Individual-level genotypes for outlier-associated and matched control rare variants were obtained from UKB genotyping callset version 3. Variants in this callset were mapped to the hg19 genome build; therefore, we used the software CrossMap²⁹ to convert genome coordinates from hg19 to hg38 given that GTEx (v8) is mapped to hg38. We restricted variants to the high-confidence set included in the UKB GWAS files described above.

UKB validation cohort

We defined a non-overlapping UKB cohort separate from the individuals included in the GWAS described above (see UKB data). Using the self-identified non-British White labels that were reported in the UKB metadata, we first inferred a larger cohort of predicted non-British White individuals by using the first and second genotype principal components. All individuals without a self-reported ethnic identity that were within +/−3 SD of the calculated mean principal component 1 (PC1) and principal component 2 (PC2) values were inferred to be non-British White. All self-reported non-British White individuals that fell out of this range were excluded. We found that the BMI PRS distribution of this non-British White cohort did not differ significantly from a normal distribution (Shapiro-Wilk normality test; p = 0.2774), suggesting that the PRS generalizes well to this cohort. We further obtained the plate and well information for all individuals included in the UKB GWAS described above by using the “european_samples.tsv” file available from the Neale Lab server (see data and code availability), as well as for all individuals in our non-British White cohort. We removed any individuals who appeared in the intersecting set.

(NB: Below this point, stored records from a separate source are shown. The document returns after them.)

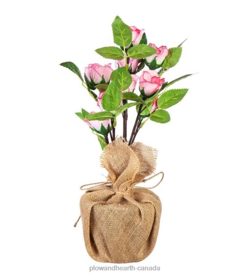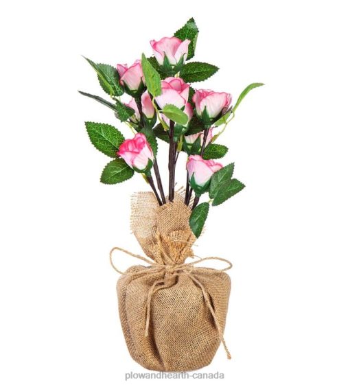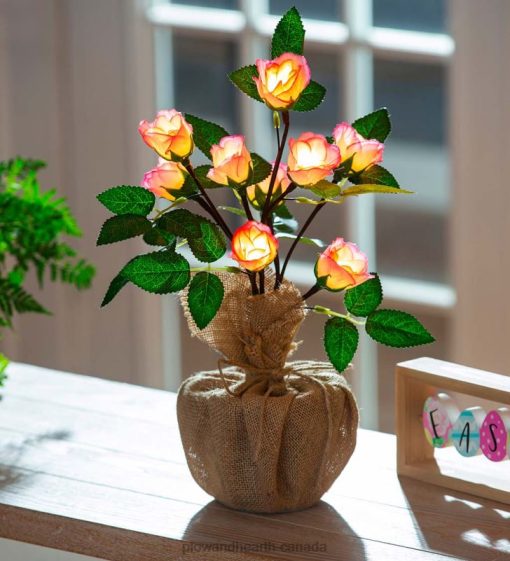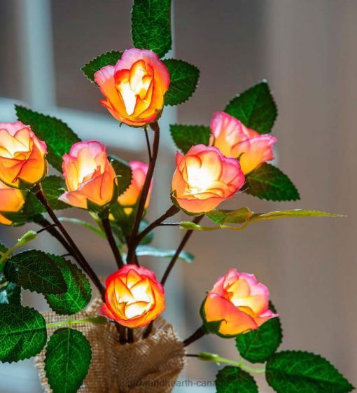 The roses sit in their burlap pot, adding a rustic appeal to the design. Bring the design to life at the flip of a switch and watch as these delicate roses offer a warm glow to set the mood. It can also be showcased on a mantel or end table to brighten up a room.
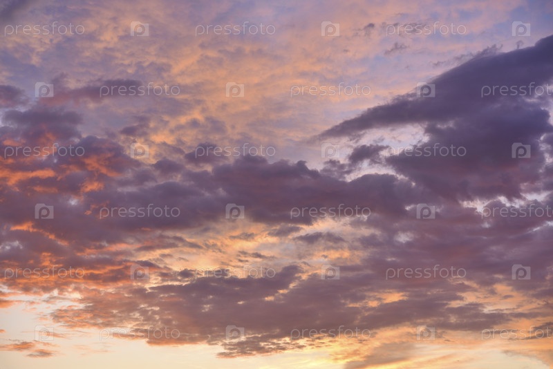 Закатный вечер и красно-синие облака в небе. Красивые облака вечером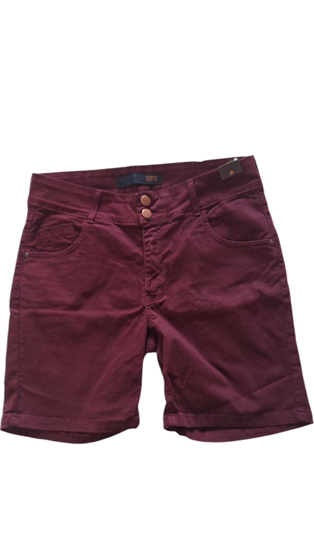 SOBRE: BERMUDA PEDAL FEMININA COLOR PLUS SIZE COR BORDÔ VINHO ESCURO COM BOLSOS GRANDES E LARGOS PASSANTE PARA CINTO CÓS ALTO BOTÃO PERSONALIZADO ZIPER EMBUTIDO.
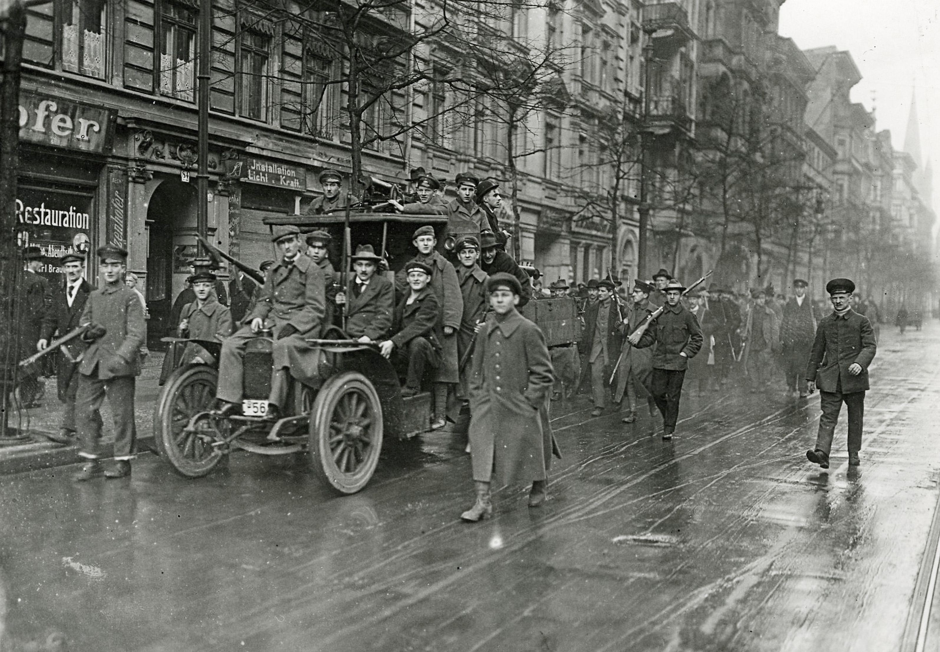 Die Meuterei der Kieler Matrosen im November 1918 war der Funke, welcher das Feuer der Revolution entfachte. Die Revolution eroberte das ganze Land im Sturm: In so gut wie allen Industriestädten des alten Kaiserreichs waren nun ArbeiterInnen- und Soldatenräte an der Macht. Die «Novemberrevolution» stürzte die Monarchie; der Kaiser floh.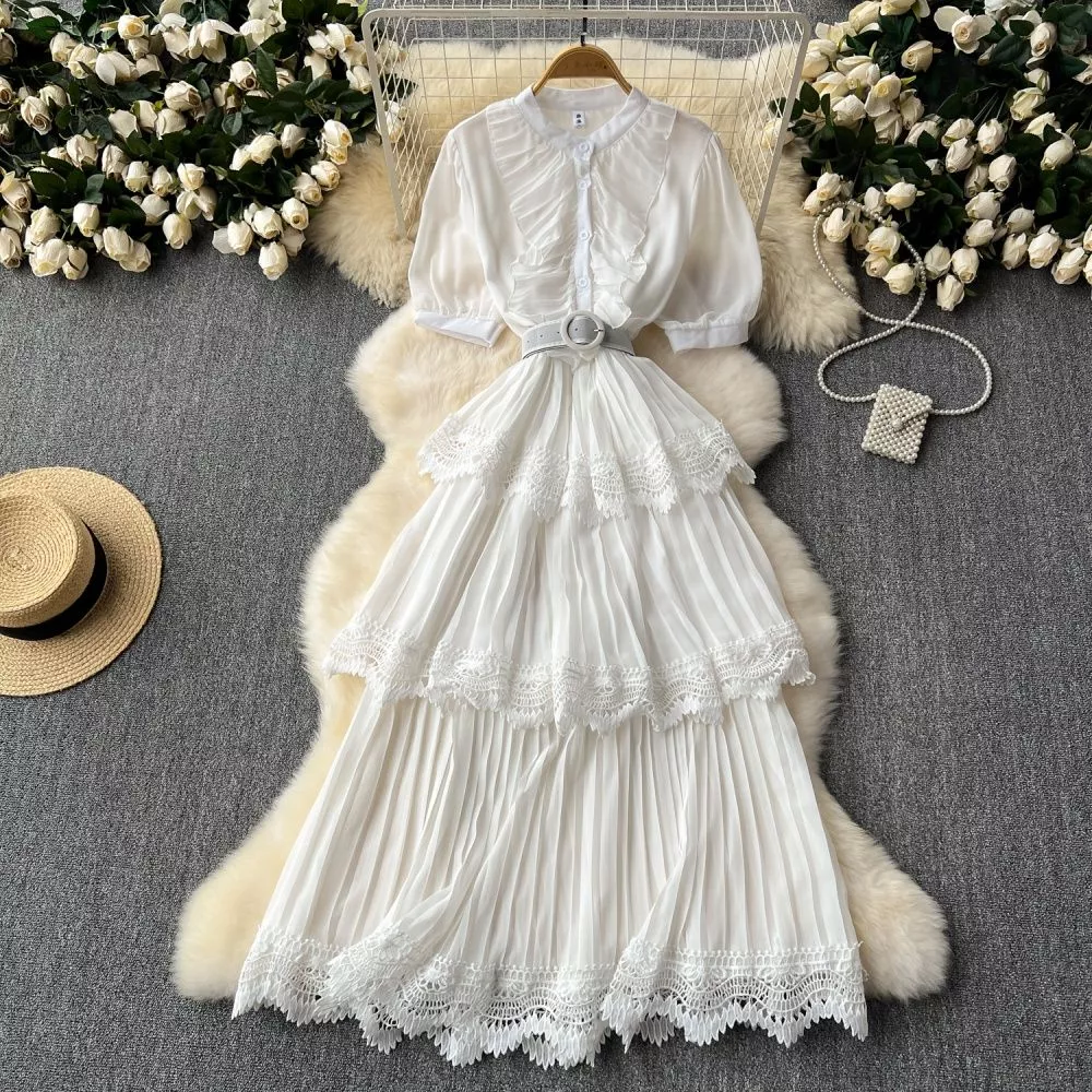 Vestito Abito Leggero Lungo Estivo Cintura Bianco Maniche Corte 10175

Million Veteran Program (MVP) validation cohort

DNA extracted from individual blood samples were genotyped with a customized Affymetrix Axiom biobank array, the MVP 1.0 Genotyping Array. The array was enriched for both common and rare genetic variants of clinical significance in different ethnic backgrounds. Quality-control procedures used to assign ancestry, remove low-quality samples and variants, and perform genotype imputation to the 1000 Genomes reference panel were previously described.³⁰ Individuals related more than second-degree cousins were excluded.

We conducted HARE (harmonized ancestry and race/ethnicity) analysis by using race/ethnicity information from MVP participants.³¹ Genotyped MVP participants are assigned into one of the four HARE groups (Hispanic, non-Hispanic White, non-Hispanic Black, and non-Hispanic Asian) and “other.” The analysis is based on a machine-learning algorithm, which integrates race/ethnicity information from MVP baseline survey and high-density genetic variation data. Trans-ethnic, and ethnicity-specific principal-component analyses were performed with flashPCA.³² BMI was calculated as average BMI with all measurements within a 3-year window around the date of MVP enrollment (i.e., 1.5 years before/after the date of enrollment), excluding height measurements that were >3 in or weight measurements that were >60 lbs from the average of each participant.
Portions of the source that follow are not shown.